- Most Asia-Pacific shares remain offered amid fears of covid strain, no-deal Brexit.
- PBOC keeps benchmark rates unchanged, Hong Kong to join the league that bans UK travels.
- Capitol Hill reached stimulus deal, passed one-day stopgap funding to give final touches to the aid package.
Asian equities stay heavy while heading into Monday’s European session as fears of a new strain of the coronavirus (COVID-19) join Brexit deadlock to dim the optimism over the US covid aid package. As portraying the mood, MSCI’s index of Asia-Pacific shares struggles for a clear direction whereas Japan’s Nikkei 225 prints 0.23% intraday losses by press time.
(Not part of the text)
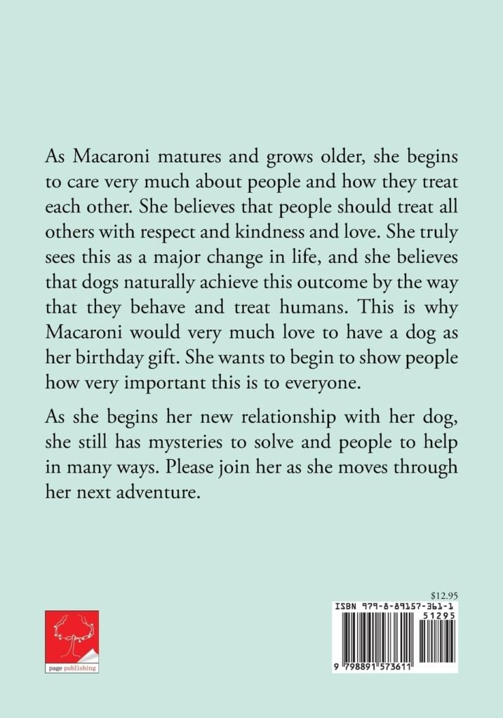 As Macaroni matures and grows older, she begins to care very much about people and how they treat each other. She believes that people should treat all others with respect and kindness and love. She truly sees this as a major change in life, and she believes that dogs naturally achieve this outcome by the way that they behave and treat humans. This is why Macaroni would very much love to have a dog as her birthday gift. She wants to begin to show people how very important this is to everyone.

In doing so, Japanese traders ignore calls of market intervention backed by Nikkei as well as chatters over JPY106 trillion budget for fiscal year (FY) 2021-22. On the same line is Australia’s ASX 200 but New Zealand’s (NZ) NZX 50 marks over 1.0% losses despite the recovery in NZ Credit Card Spending for November, from -6.3% to -5.6%.
Chinese equities print gains, followed by markets in Indonesia, amid hopes of further stimulus. Early in Asia, the People’s Bank of China (PBOC) matched wide market forecasts of keeping the one-year Prime Lending Rates at 3.65% while also holding the five-year rates at 4.65%.
Elsewhere, Hong Kong’s Hang Seng drops 0.20% as it followed Canada, Turkey and Europe’s footsteps to ban flights from the UK, starting from December 22. Furthermore, India’s BSE Sensex prints mild losses amid broadly dull sentiment whereas stock futures in the US, Europe and the UK also fail to welcome the US policymaker’s ability to strike a covid aid package deal.
Looking forward, market sentiment will evolve over how Britain manages to tame the new strain of COVID-19, needless to mention about Brexit. However, optimism over the US aid package may keep bears away as traders draw near the year-end celebrations.